Dua hari semenjak makan malam itu, Bening susah dihubungi, seakan menghilang entah ke mana. Baru hari ini dia muncul kembali dengan packagingnya, unik, ajaib, berantakan. Tanpa pikir panjang, aku langsung ajak dia jalan-jalan ke pantai. Hitung-hitung melepas rinduku kepada Bening dengan mengisi weekend ke pantai. Aku juga akan berusaha membantu menghilangkan residu-residu masalah yang sedang Bening hadapi. Berdua berjalan menyusuri tepi pantai, mencari teka-teki yang alam selalu hadirkan.
Kami seperti anak kecil, bermain pasir sesuka hati tanpa batas, menikmati setiap sapuan ombak-obak kecil yang menghujam kaki dan tubuh kami. Puas bermesraan dengan alam, kita berdua duduk sembari menyaksikan karya terbesar dari Sang Pencipta bernama matahari terbenam.
"Ning,aku bahagia banget, di tempat yang pas, momennya juga pas, sama orang yang pas pula, sempurna sudah hariku," seruku seraya menatap Bening.
Bening memanyunkan bibirnya. "Apaan sih, gak ngerti aku, btw terimakasih ya.
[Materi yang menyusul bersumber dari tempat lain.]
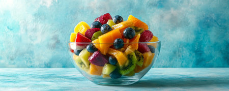A fresh and colorful bowl of fruit salad featuring mixed berries, kiwi, and mango on a textured blue background, ideal for promoting healthy eating, summer vibes, and natural food.

Mau ngajak aku ke sini, the best dah tempatnya."
Aku tak mau menyiakan kesempatan lagi, perasaan indah ini harus aku bagi sama Bening agar dia tahu, betapa tulus aku menyayanginya.
"Ning, kamu tahu gak, aku tu pengen bisa lihat kamu tertawa, bisa lihat kamu sukses, pengen juga lihat kamu bahagia terus, pengen selalu bisa merasakan kehadiranmu, pengen semuanya lah tentang kamu," ucapku lancar.
Bening menoleh kepadaku, semula matanya fokus menatap ke depan, seolah tak mau kehilangan sedikitpun cahaya keemasan itu berangsur-angsur tenggelam.
Bening membuka mulutnya, sepertinya kata-kata akan terlontar dari bibir tipisnya.
"Ning...Bening !! Pulang ! ngapain Kamu di sini," suara itu terdengar keras, bagai deruan ombak besar.
Spontan kami mencari sumber suara itu. kami berdua menoleh ke belakang.
"Ning.. Ayo pulang !" Sesosok pria bertubuh kekar berjalan menghampiri kami, sorot matanya tajam.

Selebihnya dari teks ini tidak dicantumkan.